24 Jun 2024 - {{hitsCtrl.values.hits}}
Artificial Intellingence (AI) is set to drive global banking sector profits up by US $ 170 billion by 2028, a new report by Citi Group has found.
Forecasted through a client survey, the report predicted that AI will profoundly change the future of finance, potentially boosting global banking profits to US $ 2 trillion over the next five years.
The figure represents a 9 percent increase in the profit pool for the sector.
“Just as the steam engine powered the industrial revolution, AI may commoditize human intelligence. Finance, a data rich industry with clients adopting AI at pace, will be at the forefront of change” the Citi Group said in a statement.
93 percent of respondents of the Citi Groups proprietary survey expected higher bank profits through productivity gains, signaling the overwhelming optimism of finance sector leaders about AI’s profit impact.
The higher productivity is expected through the automation of routine tasks, streamlining operations and freeing up employees to focus on higher value activities.

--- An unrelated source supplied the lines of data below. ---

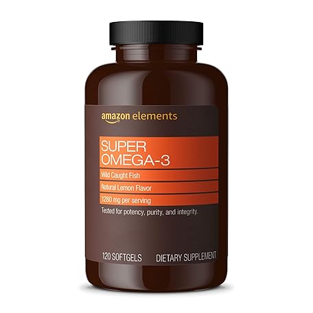 Thông tin sản phẩm Amazon Elements Super Omega-3, Wild-Caught Fish Oil, Natural Lemon Flavor, EPA & DHA Omega-3 Fatty Acids, 1280 mg per Serving, 120 Softgels (Packaging may vary)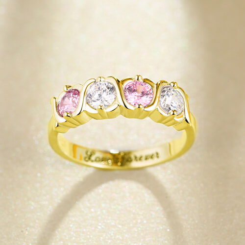 Designed to delight, this stunning ring shimmers with her very special birthstone in a timeless Fourfold-stone setting. The 4 stone hugs and kisses customizable birthstone ring celebrates the special people in anyone's life. These 925 sterling silver bands are crafted with four shining zirconias of your choice which sit in between the X's in the XOXO. Inside the ring band you can choice engraving any special words up to 20 characters make the ring more meaningful.These customized cz rings makes great gifts to represent children, grandchildren or loved ones when you create jewelry for mom or grandmother! You can also enjoy thinking of loved ones every time you wear your custom made family band. Give someone a hug and kiss that lasts a lifetime when you give them this unique and extraordinary personalized gift.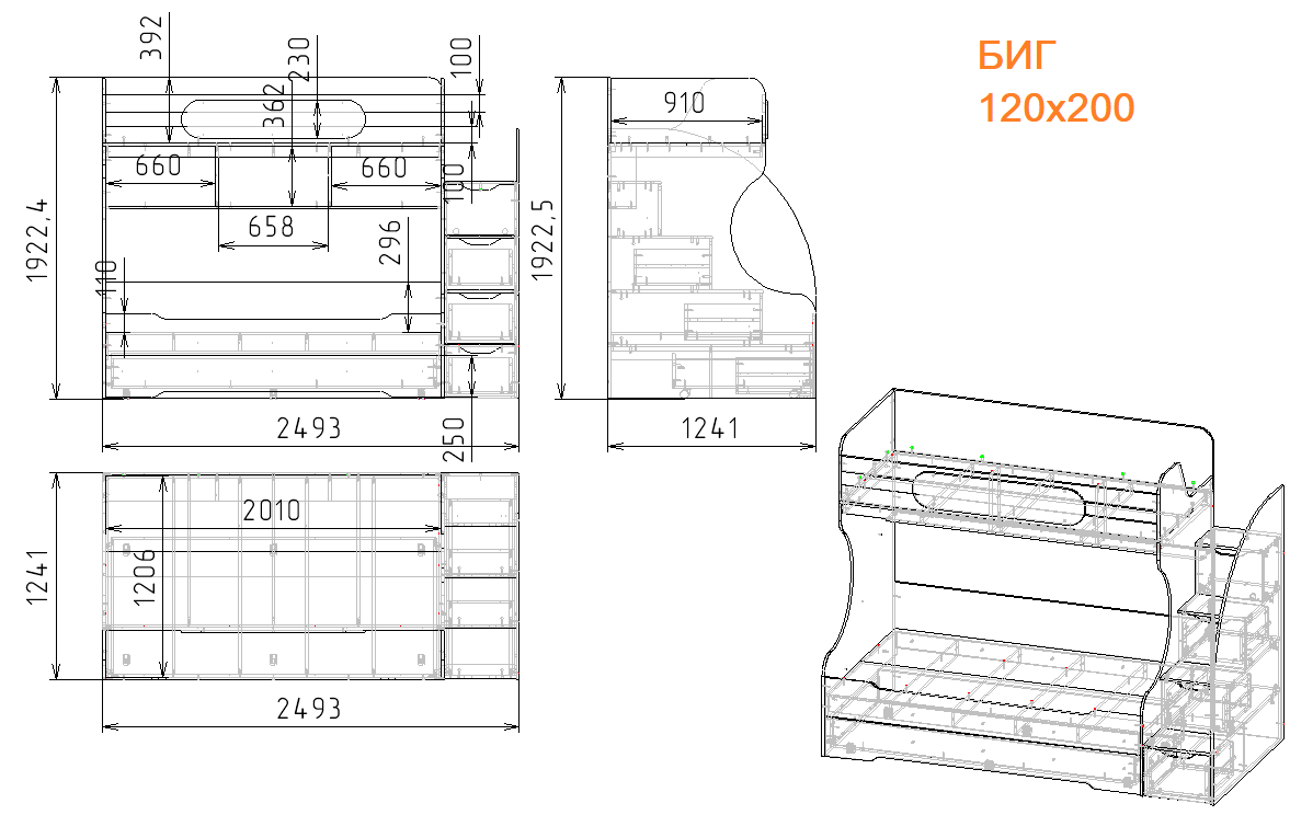 Высокая нагрузка на спальные места. Прочные ящики. Высокий, безопасный бортик!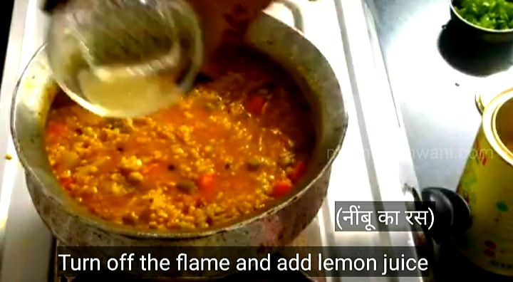 21. 5-10 मिनट के बाद ढक्कन खोलकर ऊपर से १ नींबू का juice, २ चम्मच घी और हरा धनिया डाल दीजिए।

GenAI will have a big impact on internal facing tasks such as content and information management, coding and software, the report stated.
However, emphasis was also placed on the challenges and ethical considerations that may arise through the global shift to a bot-powered finance industry.
Despite the higher productivity, AI generated finance activities could raise serious questions around data security, regulation, compliance, ethics and competition, according to the report.
AI models are known to hallucinate and create non existent information bringing both operational and reputational risks to finance firms, if the AI chatbots were to go fully autonomous.
Intensified price competition by AI-powered clients could also shift the balance of power in the finance world.
Moreover, AI may be adopted faster by digitally native, cloud-based firms such as FinTechs and BigTechs, leading to the loss of market shares for many other incumbent firms burdened by tech debts.
Accordingly, the Citi Group advised finance leaders to practice caution around timelines, talent costs, heightened competition, rising client expectations and expenses related to greater AI activity.